Le chef arbitre italien Rocchi fait l'objet d'une enquête pour fraude sportive
Gianluca Rocchi, responsable de la désignation des arbitres en Italie, a été formellement mis en examen pour fraude sportive et s'est immédiatement auto-suspendu de ses fonctions. La notification de l'enquête a été remise à Rocchi dans la matinée du 25 avril 2026 et, selon l'agence de presse italienne AGI, il est prévu qu'il soit interrogé par le parquet de Milan le 30 avril.
Rocchi, responsable de la nomination des arbitres et des officiels VAR pour les matchs de Serie A et de Serie B, a confirmé l'enquête par le biais d'un communiqué à l'ANSA. Il s'est déclaré innocent et a affirmé qu'il se défendrait pour démanteler les accusations. « Je suis sûr d'avoir toujours agi correctement et j'ai toute confiance dans la justice », a déclaré Rocchi. Il a ajouté qu'en accord avec l'Association Italienne des Arbitres (AIA), il avait décidé de s'auto-suspendre pour permettre au corps arbitral d'opérer en sérénité pendant la procédure judiciaire.
L'enquête, menée par le procureur Maurizio Ascione, porte sur des interférences présumées dans les opérations VAR au cours des saisons 2023-24 et 2024-25. Selon les accusations rapportées par les médias italiens, les charges se concentrent sur trois incidents spécifiques. Le premier concerne la prétendue orchestration de la nomination de l'arbitre pour Bologne-Inter le 20 avril 2025. Le second accuse Rocchi d'avoir manipulé la nomination pour une demi-finale de Coppa Italia afin d'influencer qui pourrait arbitrer la finale. La troisième et la plus importante accusation concerne le match Udinese-Parme du 1er mars 2025.

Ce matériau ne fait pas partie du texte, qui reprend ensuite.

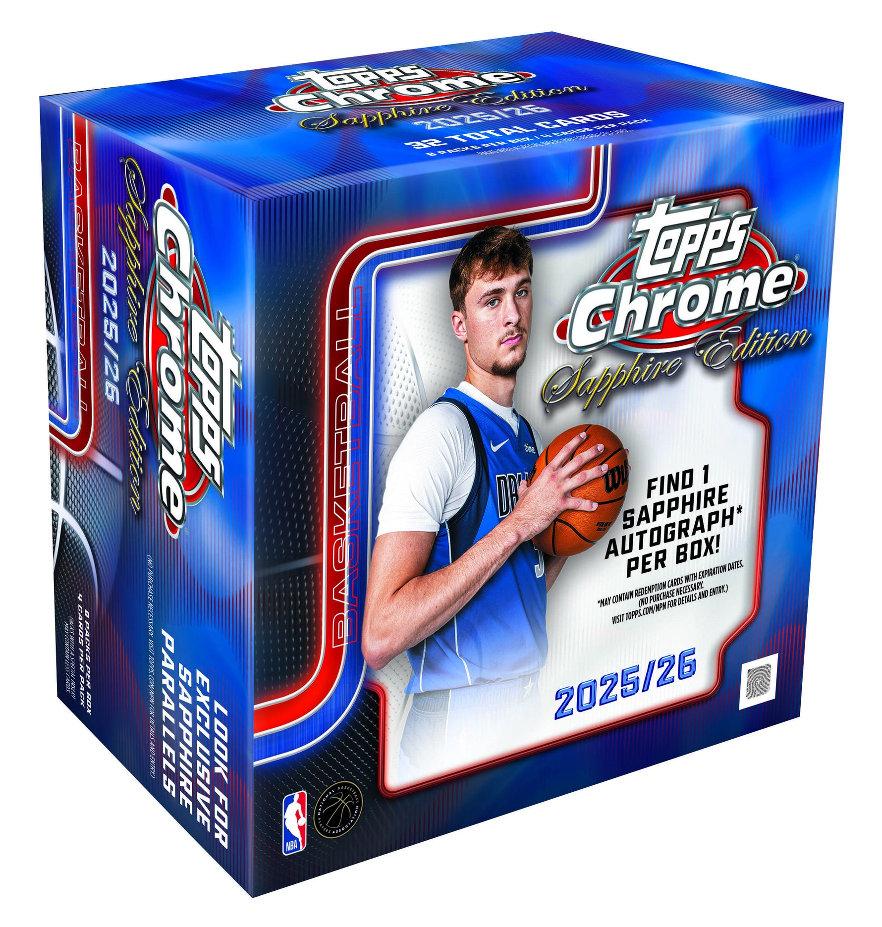 Add a premium Sapphire shine to your collection with the 2025-26 Topps Chrome Basketball Sapphire Edition Box. Known for its clean design, bold color, and exclusive Sapphire parallels, this release is a must-have for collectors chasing limited cards of top NBA stars and the newest 2025-26 rookies.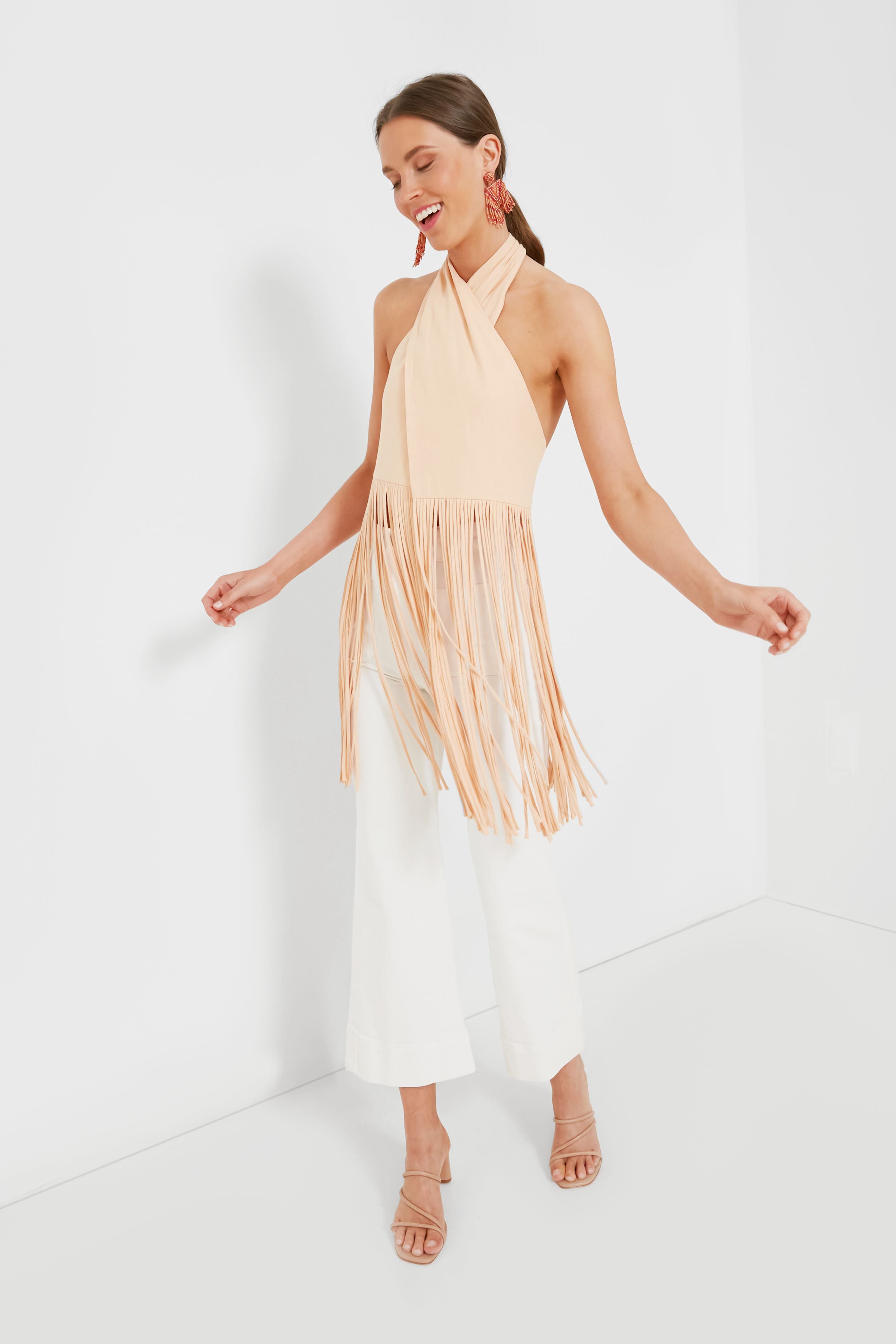 Be the life of the party in the Sand Cross Front Top. A neutral colorway balances out all of the fun and funky details of this silhouette. from its halter neckline to the open back to that incredible and dramatic fringed hem. Ultra eye-catching and full of whimsical movement. you'll be searching for any excuse to pull this fabulous style out of your closet — so pair with denim for a more casual styling perfect for dinner and drinks with your friends. or elevate it with a mini skirt and heels for special soirees.

Lors de ce match, une vidéo diffusée par l'AGI semble montrer l'officiel VAR Luigi Paterna se retournant pour parler à travers la vitre transparente de la salle VAR à Lissone à quelqu'un à l'extérieur, avant que l'arbitre Marco Maresca ne soit appelé au moniteur pour un contrôle sur le terrain, ce qui a conduit à l'attribution d'un penalty. La plainte sportive initiale a été déposée en mai 2025 par l'ancien assistant arbitre Domenico Rocca, qui a affirmé que Rocchi avait frappé à la vitre pour attirer l'attention des officiels VAR. Cette plainte sportive avait été classée sans suite, mais l'affaire a maintenant été relancée au niveau pénal.
L'avocat de Rocchi, Antonio D'Avirro, a déclaré à l'ANSA que son client conteste les accusations mais a besoin de temps pour étudier les dossiers de l'affaire. L'AIA avait précédemment répondu aux accusations initiales en envoyant des inspecteurs fédéraux à Lissone pour s'assurer qu'il n'y avait aucune interférence extérieure pendant les matchs. L'enquête jette une ombre sur l'intégrité du système VAR italien et de sa gestion, à un moment où l'application de la technologie est déjà soumise à un examen minutieux. L'affaire se poursuit alors que le parquet se prépare à son interrogatoire formel.